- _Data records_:
■ ■ ■ ■ ■

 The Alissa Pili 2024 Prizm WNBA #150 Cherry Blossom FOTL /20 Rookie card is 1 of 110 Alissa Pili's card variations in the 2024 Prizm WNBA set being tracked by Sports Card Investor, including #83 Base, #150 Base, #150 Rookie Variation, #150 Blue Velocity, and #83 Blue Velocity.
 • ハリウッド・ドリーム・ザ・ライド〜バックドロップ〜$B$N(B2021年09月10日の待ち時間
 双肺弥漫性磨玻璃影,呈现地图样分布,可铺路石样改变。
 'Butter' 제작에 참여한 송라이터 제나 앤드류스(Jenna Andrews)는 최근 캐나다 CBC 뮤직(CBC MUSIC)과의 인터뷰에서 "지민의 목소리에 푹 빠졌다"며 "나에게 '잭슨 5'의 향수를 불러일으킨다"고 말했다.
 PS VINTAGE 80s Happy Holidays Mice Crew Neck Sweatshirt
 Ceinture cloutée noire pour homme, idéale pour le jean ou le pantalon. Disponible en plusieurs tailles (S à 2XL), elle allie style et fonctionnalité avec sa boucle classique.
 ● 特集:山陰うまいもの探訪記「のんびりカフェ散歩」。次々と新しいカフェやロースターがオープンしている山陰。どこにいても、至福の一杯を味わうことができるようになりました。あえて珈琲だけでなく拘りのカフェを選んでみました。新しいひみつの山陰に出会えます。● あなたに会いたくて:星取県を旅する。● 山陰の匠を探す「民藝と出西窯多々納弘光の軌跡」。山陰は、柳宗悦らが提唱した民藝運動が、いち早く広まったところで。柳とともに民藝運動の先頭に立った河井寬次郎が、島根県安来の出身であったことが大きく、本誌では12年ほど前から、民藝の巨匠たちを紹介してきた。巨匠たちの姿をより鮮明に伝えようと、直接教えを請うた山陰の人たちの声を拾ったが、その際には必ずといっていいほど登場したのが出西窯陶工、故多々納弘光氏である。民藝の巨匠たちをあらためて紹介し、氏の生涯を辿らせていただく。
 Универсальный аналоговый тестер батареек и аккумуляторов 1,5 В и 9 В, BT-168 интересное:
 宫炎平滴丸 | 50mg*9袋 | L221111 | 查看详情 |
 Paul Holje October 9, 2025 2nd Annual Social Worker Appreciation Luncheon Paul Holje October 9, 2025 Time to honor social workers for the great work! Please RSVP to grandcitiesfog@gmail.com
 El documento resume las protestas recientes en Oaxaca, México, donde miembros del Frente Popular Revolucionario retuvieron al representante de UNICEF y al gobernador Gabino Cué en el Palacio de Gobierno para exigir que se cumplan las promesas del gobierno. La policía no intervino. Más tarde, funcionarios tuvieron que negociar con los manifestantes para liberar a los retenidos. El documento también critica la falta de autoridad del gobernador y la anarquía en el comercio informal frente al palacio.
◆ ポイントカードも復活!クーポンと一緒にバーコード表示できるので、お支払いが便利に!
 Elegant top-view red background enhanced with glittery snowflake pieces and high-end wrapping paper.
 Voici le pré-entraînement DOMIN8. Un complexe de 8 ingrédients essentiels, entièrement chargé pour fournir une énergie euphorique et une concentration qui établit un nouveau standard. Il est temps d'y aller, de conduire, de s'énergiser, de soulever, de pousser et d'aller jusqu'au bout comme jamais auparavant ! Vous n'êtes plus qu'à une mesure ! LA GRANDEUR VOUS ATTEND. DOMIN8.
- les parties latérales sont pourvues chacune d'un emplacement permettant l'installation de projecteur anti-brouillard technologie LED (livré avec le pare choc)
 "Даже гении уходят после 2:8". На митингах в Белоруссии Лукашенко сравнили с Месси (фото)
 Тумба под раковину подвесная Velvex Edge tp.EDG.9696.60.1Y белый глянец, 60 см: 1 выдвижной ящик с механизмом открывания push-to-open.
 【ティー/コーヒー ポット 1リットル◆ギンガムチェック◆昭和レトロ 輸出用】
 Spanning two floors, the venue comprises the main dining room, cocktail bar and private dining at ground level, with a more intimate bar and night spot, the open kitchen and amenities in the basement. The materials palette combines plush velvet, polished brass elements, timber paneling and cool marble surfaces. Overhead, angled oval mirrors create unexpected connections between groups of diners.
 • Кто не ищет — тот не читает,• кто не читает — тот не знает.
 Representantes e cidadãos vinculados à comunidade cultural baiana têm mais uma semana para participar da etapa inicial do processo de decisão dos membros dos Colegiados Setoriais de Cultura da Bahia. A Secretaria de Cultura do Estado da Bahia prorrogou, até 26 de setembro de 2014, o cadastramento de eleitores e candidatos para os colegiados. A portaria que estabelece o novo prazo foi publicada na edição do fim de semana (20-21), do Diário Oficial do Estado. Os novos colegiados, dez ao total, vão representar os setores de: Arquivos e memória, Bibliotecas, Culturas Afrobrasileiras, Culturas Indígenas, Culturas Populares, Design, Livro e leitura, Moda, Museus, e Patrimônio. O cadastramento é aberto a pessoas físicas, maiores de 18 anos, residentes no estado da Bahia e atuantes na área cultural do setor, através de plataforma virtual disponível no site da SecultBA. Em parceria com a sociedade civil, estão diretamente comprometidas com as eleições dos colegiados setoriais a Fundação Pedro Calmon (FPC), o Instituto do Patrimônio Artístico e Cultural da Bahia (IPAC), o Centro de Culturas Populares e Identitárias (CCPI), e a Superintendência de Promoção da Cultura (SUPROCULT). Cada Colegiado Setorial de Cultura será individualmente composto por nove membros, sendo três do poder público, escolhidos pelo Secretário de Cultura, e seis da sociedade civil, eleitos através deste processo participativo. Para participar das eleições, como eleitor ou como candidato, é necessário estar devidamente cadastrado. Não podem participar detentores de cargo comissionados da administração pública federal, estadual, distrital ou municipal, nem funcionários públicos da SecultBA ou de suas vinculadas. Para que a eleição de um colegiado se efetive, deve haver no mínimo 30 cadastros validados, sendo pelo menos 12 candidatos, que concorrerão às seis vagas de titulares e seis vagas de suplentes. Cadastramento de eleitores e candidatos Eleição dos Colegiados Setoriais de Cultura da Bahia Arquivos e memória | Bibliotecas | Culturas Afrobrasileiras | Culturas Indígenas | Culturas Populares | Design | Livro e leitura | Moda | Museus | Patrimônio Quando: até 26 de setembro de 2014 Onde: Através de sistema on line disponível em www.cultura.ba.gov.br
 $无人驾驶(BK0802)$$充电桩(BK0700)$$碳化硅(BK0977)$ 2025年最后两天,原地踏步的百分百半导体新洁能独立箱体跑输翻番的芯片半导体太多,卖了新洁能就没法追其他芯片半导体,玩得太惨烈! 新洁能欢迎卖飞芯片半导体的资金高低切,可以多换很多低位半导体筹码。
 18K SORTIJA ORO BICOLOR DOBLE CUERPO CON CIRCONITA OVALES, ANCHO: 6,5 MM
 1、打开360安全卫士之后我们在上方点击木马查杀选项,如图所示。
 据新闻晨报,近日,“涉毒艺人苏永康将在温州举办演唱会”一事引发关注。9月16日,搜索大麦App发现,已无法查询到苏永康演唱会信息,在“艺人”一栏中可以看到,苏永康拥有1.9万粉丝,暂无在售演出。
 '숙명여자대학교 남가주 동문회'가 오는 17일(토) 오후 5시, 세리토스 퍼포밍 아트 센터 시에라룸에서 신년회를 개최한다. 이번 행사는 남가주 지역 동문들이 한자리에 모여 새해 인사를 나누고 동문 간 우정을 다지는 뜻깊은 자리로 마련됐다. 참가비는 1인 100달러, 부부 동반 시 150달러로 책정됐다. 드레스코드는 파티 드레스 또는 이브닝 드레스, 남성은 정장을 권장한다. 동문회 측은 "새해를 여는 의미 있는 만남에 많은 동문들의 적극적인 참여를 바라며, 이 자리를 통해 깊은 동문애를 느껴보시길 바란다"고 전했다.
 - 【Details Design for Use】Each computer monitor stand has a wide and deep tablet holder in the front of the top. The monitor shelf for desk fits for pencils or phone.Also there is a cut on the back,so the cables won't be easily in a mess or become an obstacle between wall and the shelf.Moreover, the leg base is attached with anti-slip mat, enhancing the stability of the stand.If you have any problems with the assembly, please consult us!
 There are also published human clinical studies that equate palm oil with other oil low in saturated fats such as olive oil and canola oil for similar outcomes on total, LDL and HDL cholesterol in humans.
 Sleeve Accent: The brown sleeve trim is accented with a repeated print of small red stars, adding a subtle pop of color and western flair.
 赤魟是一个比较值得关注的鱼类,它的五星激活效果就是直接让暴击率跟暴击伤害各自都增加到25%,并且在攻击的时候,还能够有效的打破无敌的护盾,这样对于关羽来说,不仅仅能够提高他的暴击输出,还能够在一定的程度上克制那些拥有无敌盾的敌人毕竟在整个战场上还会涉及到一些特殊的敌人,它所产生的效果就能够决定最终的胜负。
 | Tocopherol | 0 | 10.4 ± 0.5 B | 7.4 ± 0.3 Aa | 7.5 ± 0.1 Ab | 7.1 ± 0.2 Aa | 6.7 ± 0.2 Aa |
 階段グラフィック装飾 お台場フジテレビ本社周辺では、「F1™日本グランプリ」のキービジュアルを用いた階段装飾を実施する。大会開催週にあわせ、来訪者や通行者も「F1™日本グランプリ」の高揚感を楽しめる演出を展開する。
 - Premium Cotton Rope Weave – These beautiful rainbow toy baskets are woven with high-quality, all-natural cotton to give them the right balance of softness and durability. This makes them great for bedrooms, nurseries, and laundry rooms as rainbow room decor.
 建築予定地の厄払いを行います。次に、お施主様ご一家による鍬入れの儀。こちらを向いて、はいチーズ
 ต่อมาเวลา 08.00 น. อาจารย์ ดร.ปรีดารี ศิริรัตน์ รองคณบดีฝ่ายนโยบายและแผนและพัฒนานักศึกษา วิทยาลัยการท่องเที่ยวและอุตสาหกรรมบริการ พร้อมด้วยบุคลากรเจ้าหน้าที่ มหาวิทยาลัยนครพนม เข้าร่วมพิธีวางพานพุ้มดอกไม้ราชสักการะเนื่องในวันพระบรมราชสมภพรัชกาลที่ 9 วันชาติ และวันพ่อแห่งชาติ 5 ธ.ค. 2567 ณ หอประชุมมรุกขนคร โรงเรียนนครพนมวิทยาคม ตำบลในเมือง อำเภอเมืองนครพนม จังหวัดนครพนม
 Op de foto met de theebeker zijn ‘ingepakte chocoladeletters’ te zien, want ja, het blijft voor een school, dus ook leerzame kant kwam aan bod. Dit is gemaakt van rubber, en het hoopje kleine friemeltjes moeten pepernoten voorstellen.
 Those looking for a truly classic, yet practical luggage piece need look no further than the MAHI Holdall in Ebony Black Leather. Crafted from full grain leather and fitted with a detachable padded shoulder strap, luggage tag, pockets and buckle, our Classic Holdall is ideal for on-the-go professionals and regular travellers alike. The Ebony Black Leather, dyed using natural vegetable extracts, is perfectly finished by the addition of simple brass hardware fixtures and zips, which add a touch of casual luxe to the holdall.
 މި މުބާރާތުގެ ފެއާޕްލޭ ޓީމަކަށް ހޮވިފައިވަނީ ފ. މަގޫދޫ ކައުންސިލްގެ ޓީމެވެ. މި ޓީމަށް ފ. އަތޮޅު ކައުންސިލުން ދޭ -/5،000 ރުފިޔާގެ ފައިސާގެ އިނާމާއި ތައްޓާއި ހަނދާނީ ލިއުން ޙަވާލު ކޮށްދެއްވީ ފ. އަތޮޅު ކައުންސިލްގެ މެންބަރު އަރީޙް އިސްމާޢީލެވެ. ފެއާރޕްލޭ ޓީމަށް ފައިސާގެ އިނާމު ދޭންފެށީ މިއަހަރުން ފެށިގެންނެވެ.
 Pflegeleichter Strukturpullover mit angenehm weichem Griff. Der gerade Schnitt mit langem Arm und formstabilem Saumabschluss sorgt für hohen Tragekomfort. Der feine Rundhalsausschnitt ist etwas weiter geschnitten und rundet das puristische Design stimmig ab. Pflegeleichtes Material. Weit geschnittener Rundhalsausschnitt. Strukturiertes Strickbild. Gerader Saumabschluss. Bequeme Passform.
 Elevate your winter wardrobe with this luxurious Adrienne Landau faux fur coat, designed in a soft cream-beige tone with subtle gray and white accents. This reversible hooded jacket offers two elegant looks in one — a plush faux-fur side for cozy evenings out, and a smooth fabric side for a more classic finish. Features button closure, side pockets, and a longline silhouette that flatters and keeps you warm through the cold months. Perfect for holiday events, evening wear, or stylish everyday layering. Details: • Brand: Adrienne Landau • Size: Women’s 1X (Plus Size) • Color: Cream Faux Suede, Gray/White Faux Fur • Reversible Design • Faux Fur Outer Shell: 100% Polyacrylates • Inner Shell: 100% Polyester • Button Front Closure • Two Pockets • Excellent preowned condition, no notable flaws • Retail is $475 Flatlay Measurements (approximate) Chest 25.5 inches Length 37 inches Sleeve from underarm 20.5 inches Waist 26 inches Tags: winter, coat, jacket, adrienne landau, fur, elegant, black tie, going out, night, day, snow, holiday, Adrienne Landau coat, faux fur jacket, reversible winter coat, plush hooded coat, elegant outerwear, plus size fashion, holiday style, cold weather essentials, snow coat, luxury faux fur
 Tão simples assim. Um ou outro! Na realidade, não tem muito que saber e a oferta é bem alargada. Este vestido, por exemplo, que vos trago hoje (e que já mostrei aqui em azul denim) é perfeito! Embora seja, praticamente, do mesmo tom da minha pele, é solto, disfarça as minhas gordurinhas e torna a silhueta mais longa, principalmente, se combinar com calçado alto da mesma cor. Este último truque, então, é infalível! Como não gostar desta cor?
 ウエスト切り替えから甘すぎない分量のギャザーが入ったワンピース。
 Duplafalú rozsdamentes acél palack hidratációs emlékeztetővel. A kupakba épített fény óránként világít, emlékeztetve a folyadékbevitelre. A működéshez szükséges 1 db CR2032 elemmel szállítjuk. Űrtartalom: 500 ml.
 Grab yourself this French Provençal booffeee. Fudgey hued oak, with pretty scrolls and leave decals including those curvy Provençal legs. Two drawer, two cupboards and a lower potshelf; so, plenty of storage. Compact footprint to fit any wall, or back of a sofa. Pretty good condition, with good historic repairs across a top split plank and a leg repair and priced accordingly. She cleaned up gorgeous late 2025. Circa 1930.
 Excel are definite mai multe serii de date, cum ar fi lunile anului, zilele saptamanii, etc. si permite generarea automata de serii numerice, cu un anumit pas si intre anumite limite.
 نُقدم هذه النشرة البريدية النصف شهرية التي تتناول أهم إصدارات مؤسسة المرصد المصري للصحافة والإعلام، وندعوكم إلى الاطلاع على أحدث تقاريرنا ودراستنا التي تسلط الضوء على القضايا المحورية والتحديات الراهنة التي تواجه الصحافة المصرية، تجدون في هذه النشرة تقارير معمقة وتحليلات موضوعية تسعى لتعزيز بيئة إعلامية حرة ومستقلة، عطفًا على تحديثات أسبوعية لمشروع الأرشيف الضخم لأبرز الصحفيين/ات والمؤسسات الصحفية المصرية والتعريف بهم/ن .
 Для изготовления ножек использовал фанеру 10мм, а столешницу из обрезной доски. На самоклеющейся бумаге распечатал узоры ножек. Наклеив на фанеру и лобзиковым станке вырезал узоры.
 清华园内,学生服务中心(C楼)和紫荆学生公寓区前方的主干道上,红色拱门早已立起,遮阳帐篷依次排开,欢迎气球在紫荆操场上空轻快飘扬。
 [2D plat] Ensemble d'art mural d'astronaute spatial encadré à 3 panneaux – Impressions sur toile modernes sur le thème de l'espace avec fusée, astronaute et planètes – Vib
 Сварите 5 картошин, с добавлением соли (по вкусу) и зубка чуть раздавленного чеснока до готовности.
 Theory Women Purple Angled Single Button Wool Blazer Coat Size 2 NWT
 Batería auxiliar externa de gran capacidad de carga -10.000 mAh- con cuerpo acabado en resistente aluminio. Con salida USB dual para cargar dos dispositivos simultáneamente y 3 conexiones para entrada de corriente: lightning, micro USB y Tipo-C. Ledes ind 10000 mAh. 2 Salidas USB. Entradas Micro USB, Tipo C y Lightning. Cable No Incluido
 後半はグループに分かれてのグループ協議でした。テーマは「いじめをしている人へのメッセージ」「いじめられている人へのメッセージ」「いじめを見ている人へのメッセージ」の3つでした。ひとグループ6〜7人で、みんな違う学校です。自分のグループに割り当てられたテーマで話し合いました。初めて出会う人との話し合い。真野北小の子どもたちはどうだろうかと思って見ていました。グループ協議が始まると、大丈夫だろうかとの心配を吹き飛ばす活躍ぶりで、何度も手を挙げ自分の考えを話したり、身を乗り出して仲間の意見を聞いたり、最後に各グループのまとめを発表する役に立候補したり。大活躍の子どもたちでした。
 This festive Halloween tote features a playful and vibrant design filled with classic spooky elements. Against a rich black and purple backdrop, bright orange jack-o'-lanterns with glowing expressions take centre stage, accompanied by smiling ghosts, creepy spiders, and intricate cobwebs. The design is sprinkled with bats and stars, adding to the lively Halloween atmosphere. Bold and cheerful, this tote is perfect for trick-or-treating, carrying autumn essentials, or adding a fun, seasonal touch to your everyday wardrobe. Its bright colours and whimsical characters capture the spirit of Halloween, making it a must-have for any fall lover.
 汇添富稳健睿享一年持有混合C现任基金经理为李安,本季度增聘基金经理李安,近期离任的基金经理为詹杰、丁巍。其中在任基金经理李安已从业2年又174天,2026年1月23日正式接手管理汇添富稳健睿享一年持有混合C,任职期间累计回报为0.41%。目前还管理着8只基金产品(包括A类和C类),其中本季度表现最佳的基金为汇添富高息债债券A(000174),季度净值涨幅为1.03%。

■ ■ ■ ■ ■

- _HOW TO COMPLETE THIS TASK_: Among the entries above, how many lines hold the string "high"? Answer with the bare number.

- _RESPONSE TO THIS TASK_: 2